Bir süredir İzmir’de üst geçitlerde, sokak panolarında İzmir Modeli ilanları yer alıyor. Evet, seçimlerin yaklaşmasıyla adayların reklamları da çoğaldı ama yine de hala İzmir Modeli ilk sırada. Daha önce yazmıştım, bence bu model özgün değil çünkü yine bence özgün bir model oluşturabilmek için ön şart başka kentlerin deneyimlerinden yararlanıp, sonra da aşmaktır. Gerek kişinin kendisini kentin bir parçası gibi algılayabilmesi, gerekse belediyeyi aşan devlet projelerine tepki gösterebilmesi için kararlara katılım mekanizmalarının açık olması gerekir. Üstelik bu ülkenin Fatsa deneyimi varken, Ovacık bir model olarak önümüzdeyken.(1)
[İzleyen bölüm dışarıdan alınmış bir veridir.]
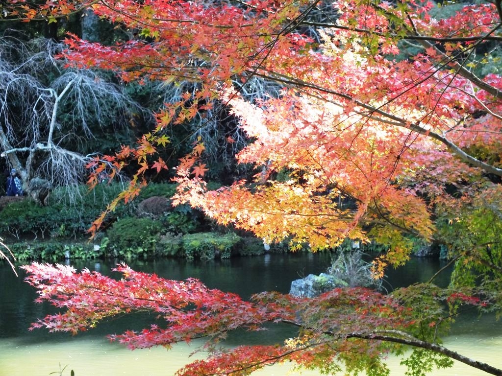 北総有数の紅葉スポットで、いくつもある池のほとりに、モミジの巨木が何本もあるのだが、今年は10月にあいついだ台風のおかげで、見栄えは悪く今いちだった。
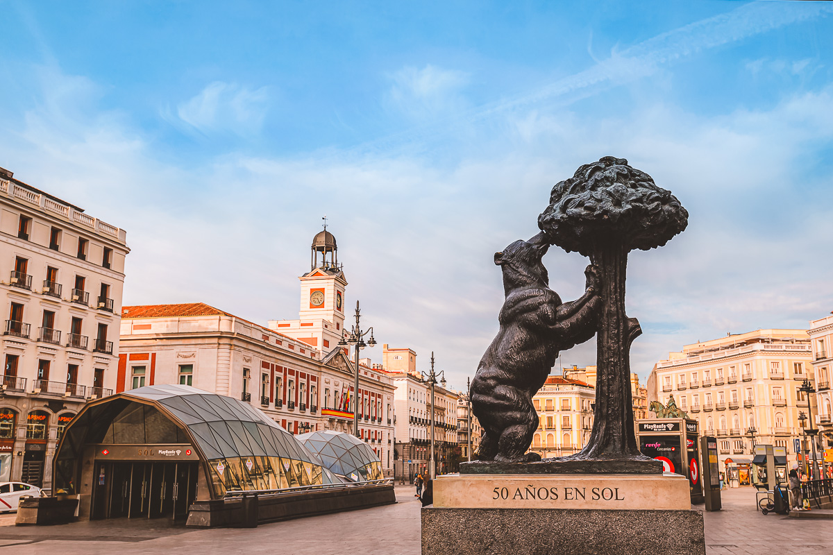 Willkommen am Tor der Sonne, was Puerto del Sol übersetzt heißt. Mitten im Zentrum Madrids lädt dieser malerische Platz zum Verweilen und Entspannen ein. Auch wichtige politische Veranstaltungen finden regelmäßig auf dem Puerta del Sol statt. In der Silvesternacht verwandelt sich der Plaza in ein Spektakel. Beim legendären doce uvas um Mitternacht heißen die Madrider das neue Jahr gebührend willkommen.
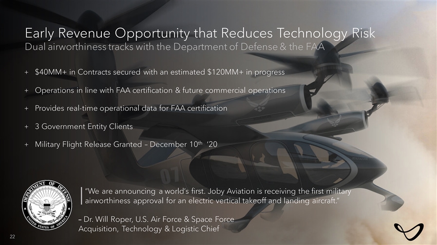 Early Revenue Opportunity that Reduces Technology Risk Dual airworthiness tracks with the Department of Defense & the FAA + $40MM+ in Contracts secured with an estimated $120MM+ in progress + Operations in line with FAA certification & future commercial operations + Provides real-time operational data for FAA certification + 3 Government Entity Clients th + Military Flight Release Granted – December 10 ‘20 “We are announcing a world’s first. Joby Aviation is receiving the first military airworthiness approval for an electric vertical takeoff and landing aircraft.” – Dr. Will Roper, U.S. Air Force & Space Force Acquisition, Technology & Logistic Chief 22Early Revenue Opportunity that Reduces Technology Risk Dual airworthiness tracks with the Department of Defense & the FAA + $40MM+ in Contracts secured with an estimated $120MM+ in progress + Operations in line with FAA certification & future commercial operations + Provides real-time operational data for FAA certification + 3 Government Entity Clients th + Military Flight Release Granted – December 10 ‘20 “We are announcing a world’s first. Joby Aviation is receiving the first military airworthiness approval for an electric vertical takeoff and landing aircraft.” – Dr. Will Roper, U.S. Air Force & Space Force Acquisition, Technology & Logistic Chief 22
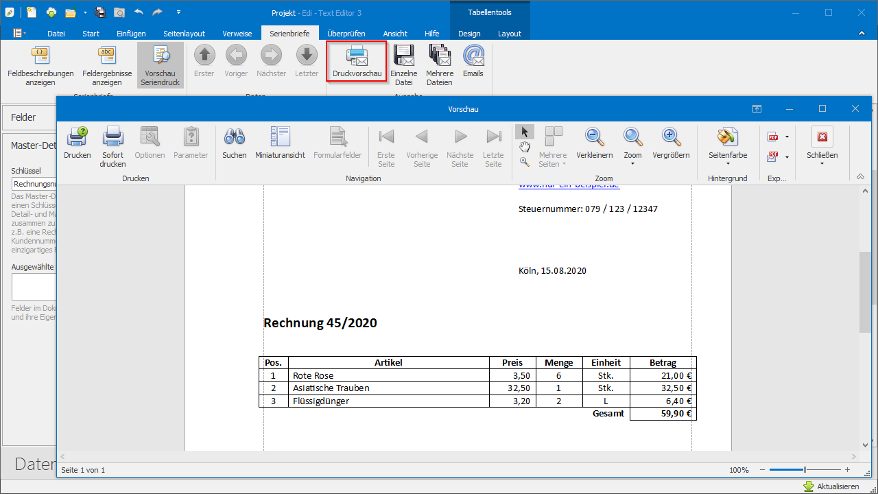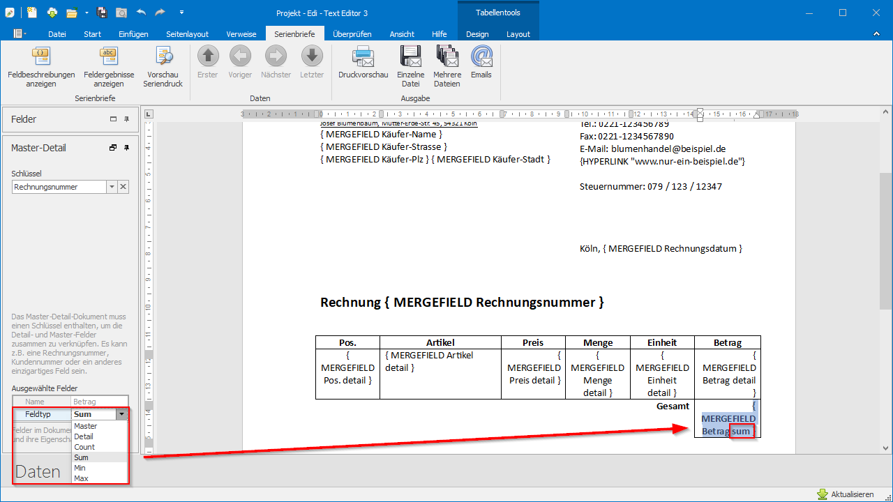Rechnung, Mahnung, Speisekarte als Master-Detail Serienbrief generieren
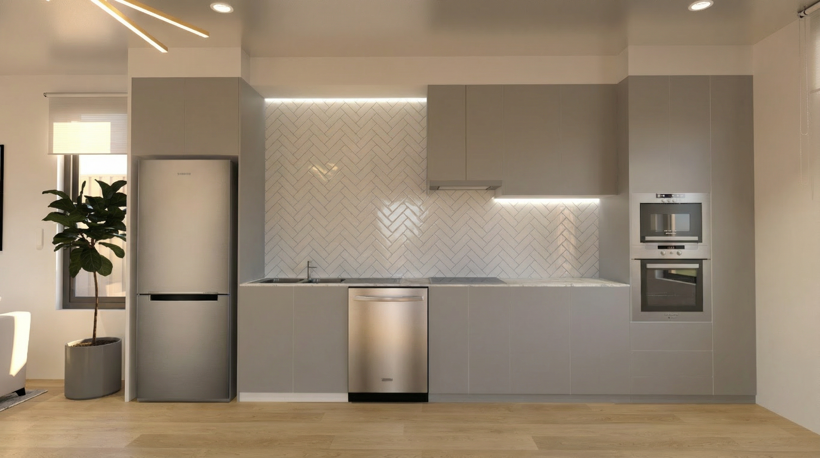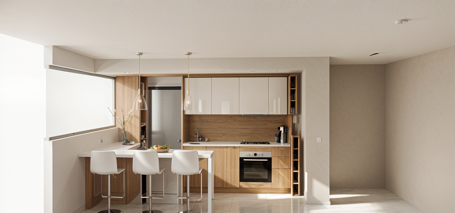 create a realistic high quality interior render with abundant natural daylight the scene should be illuminated by bright warm sunlight entering through windows the lighting should feel soft yet vibrant creating natural shadows and a fresh daytime atmosphere outside the windows include a lush green view with trees and foliage suggesting a sunny day in spring or summer the greenery should appear vivid and slightly sunlit enhancing the connection between the interior and nature the overall mood should feel airy calm and inviting with clear daylight tones and realistic light reflections on surfaces avoid artificial lighting dominance natural sunlight should be the primary light source there are built in wardrobes opposite do not change the colors or the shapes

Yine de bir şeyleri atlamama kaygısıyla İzmir Büyükşehir Belediyesi’nin yayınladığı İzmir Modeli Çalışmaları kitaplarını okumak istedim. Satılmadıkları için de, doğal olarak, belediyenin halkla ilişkiler bölümüne gittim. Bu işle kendilerinin ilgilenmediğini söyleyip beni başka bir bölüme yönlendirdiler, orası da başka bir yere derken bir iki yere daha gidip sonuçta kitapları alabileceğim odaya ulaştım. İsteğimi ilettiğimde, ellerinde “sınırlı” sayıda kitap olduğunu, bu nedenle veremeyeceklerini, adresimi bırakırsam ve yeni baskısı yapılırsa bana ulaştıracaklarını söylediler. O sınırlı sayıda kitabı kime verecekleri hususuna, bu sınırlı sayıda insan içine girebilmek için nasıl bir özelliğe sahip olmam gerektiği sorusuna ise yanıt alamadım. Elbette vazgeçmedim, odadan çıkıp bir arkadaşımı aradım, o da bir şube müdürünü aradı ve yaklaşık on dakika sonra belediyeden ayrılırken kitaplar elimdeydi. Bunları şunun için anlatıyorum: Kitapların künyesine belediyeden temin edilebilir diye yazdım ama o kadar kolay olmadığını bilin ve siz siz olun, tanıdıksız belediyeye gitmeyin.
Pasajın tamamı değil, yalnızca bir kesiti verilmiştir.